Each of these novel mechanisms or institutions would cost money. Given the financial pressures that triggered UN80 in the first place, the key argument should be that new global democratic institutions of this sort – intended to help the UN become more “just, democratic, equitable, and representative of today’s world” (Pact for the Future) – would also strengthen the UN’s legitimacy and value proposition.

Better inclusion of citizens can lead to more willingness to fund the UN

Today, governments reduce or withhold UN funding because neither their parliaments nor their citizens see supporting the UN as a priority.

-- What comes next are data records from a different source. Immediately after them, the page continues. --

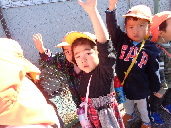 『戸外でしっかり身体を動かして遊ぼう』をねらいにお散歩に出発です!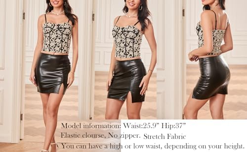Women's Faux Leather Skirt High Waist Tummy Control Bodycon Mini Short Skirt with Slit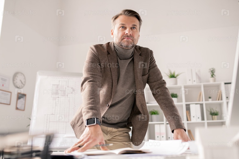 Вдумчивый зрелый архитектор, опирающийся на стол с документами во время планирования работы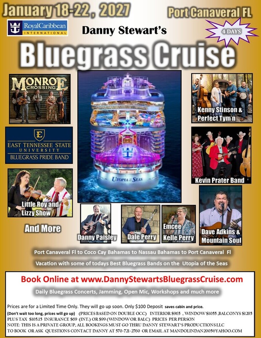 You can call Danny at 570-721-2760, or book online at Danny Stewart's Bluegrass Cruise and tell him we sent you.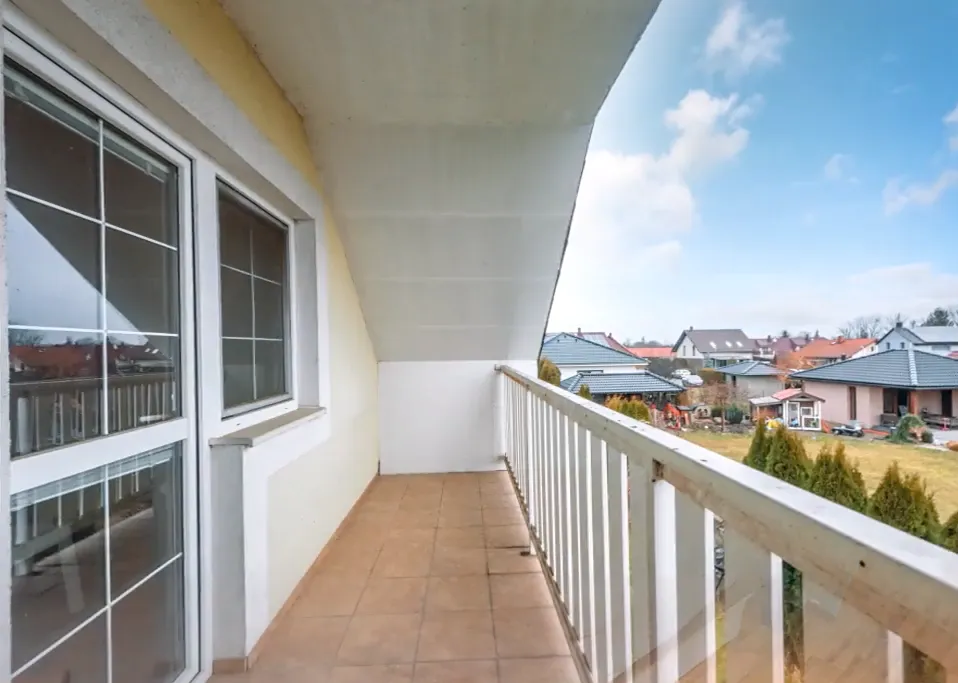 Ložnice rodičů navíc nabízí přímý vstup na útulnou lodžii, kde si můžete v klidu vychutnat sklenku vína po dlouhém dni, nebo během zimních měsíců využít prostor k sušení prádla.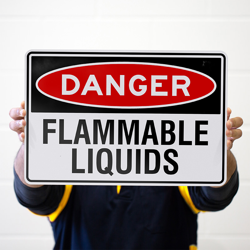 Keep your workplace safe and compliant with our DANGER – Flammable Liquid metal sign. Made from durable 1.6mm aluminium, this sign is firm and built to last. The digital print on high quality vinyl ensures that the message is clear and easy to read. To protect the print from fading the sign is laminated with a UV laminate film. With rounded corners for safety, this sign is a must have for any industrial setting.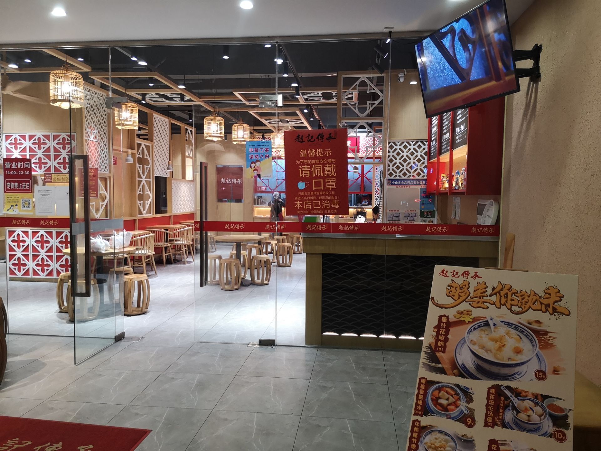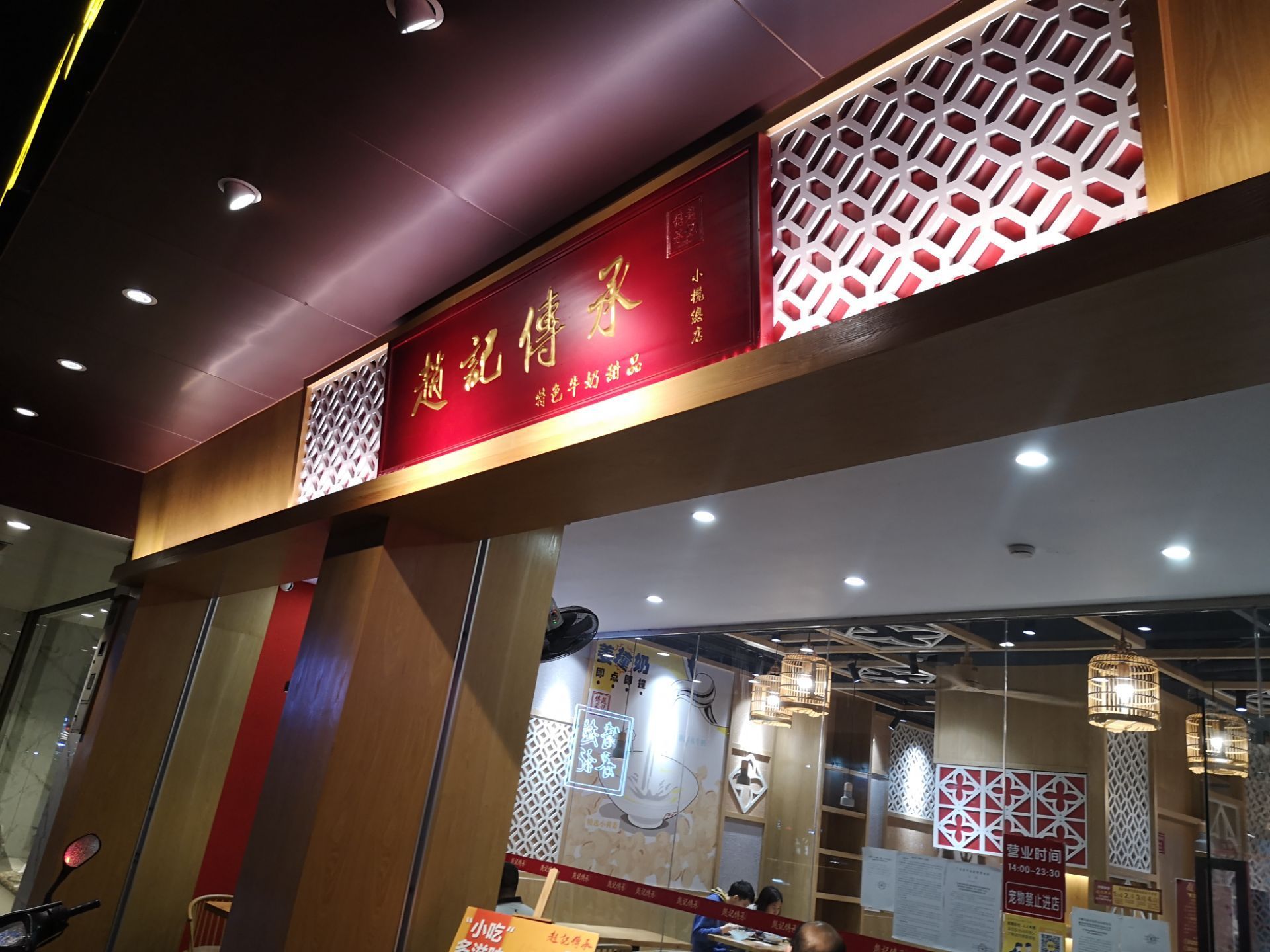 中山小榄这边也是比较多美食的,而且的话在这里是城镇的中心,附近都是比较热闹的商业区,晚上十点多出来吃糖水都还能够找到很多地方开业,赵记算是一个连锁的品牌,在这家店铺的旁边,还有对面都是糖水店铺来的。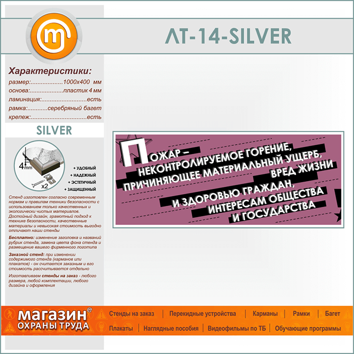 Лозунг «Пожар - неконтроллируемое горение...» (LT-14-SILVER) в Ульяновске купить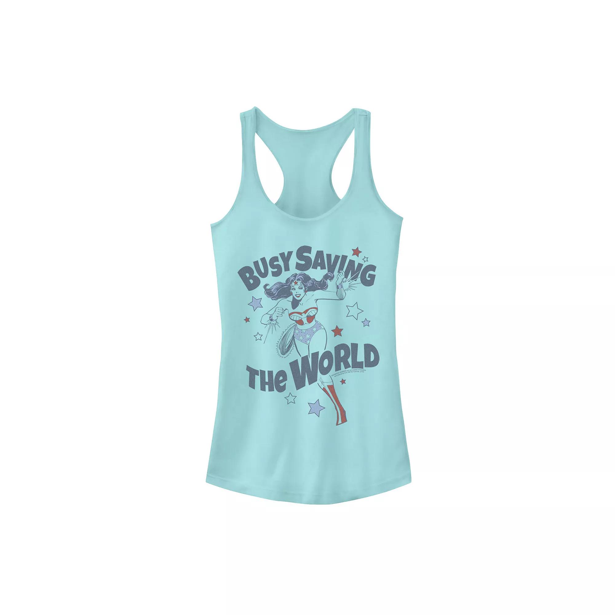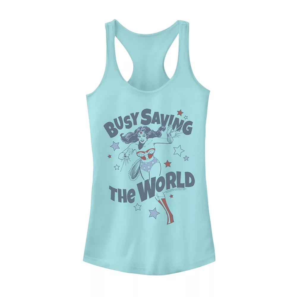 You're little one is sure to love the look of this juniors' DC Comics Wonder Woman "busy saving the world" tank top. You're little one is sure to love the look of this juniors' DC Comics Wonder Woman "busy saving the world" tank top. Scoopneck Sleeveless Jersey constructionFABRIC & CARE Cotton, polyester Machine wash Imported Size: Small. Color: Blue. Gender: female. Age Group: kids. Pattern: Graphic.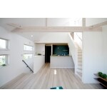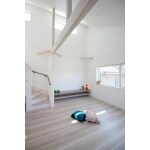 見せ梁と表情豊かな床の木目で、落ち着く自然な風合いのリビングがあるお住まいに仕上げました。 天井付近の窓から柔らかな光が差し込み、明るく開放感のあるスペースです。

A case for more global democracy could reframe this and translate “no taxation without representation” to the global level: Better citizen representation in multilateral processes increases legitimacy and thus willingness to fund the UN. In the long run, this can lead to a positive return on investment.

Talking about this could shift UN80 from a defensive, cost-cutting exercise to a forward-looking reform debate.

Another advantage of UN80 discussions, even amid cuts, is that concrete institutional, organizational, and budgetary reforms are on the table. Unlike the Pact for the Future’s aspirational language, UN80 directly addresses how UN mandates are created and implemented. This creates space to argue that global democratic institutions could help improve mandate formulation, prioritization, and even the phasing out of outdated or unjust mandates through more democratic inputs.

UN80 is a window of opportunity for concrete and forward-looking reform ideas to be inserted into the debate. The underlying mood is rather dark, but planting the seeds for more just democratic representation and participation at the global level may bring more light at the end of the tunnel than just discussing whether to move the UN’s human rights work from Geneva to Vienna.

Ronny Patz
Ronny Patz is an independent political scientist (Dr. rer. pol) working as a United Nations System & UN Finance analyst.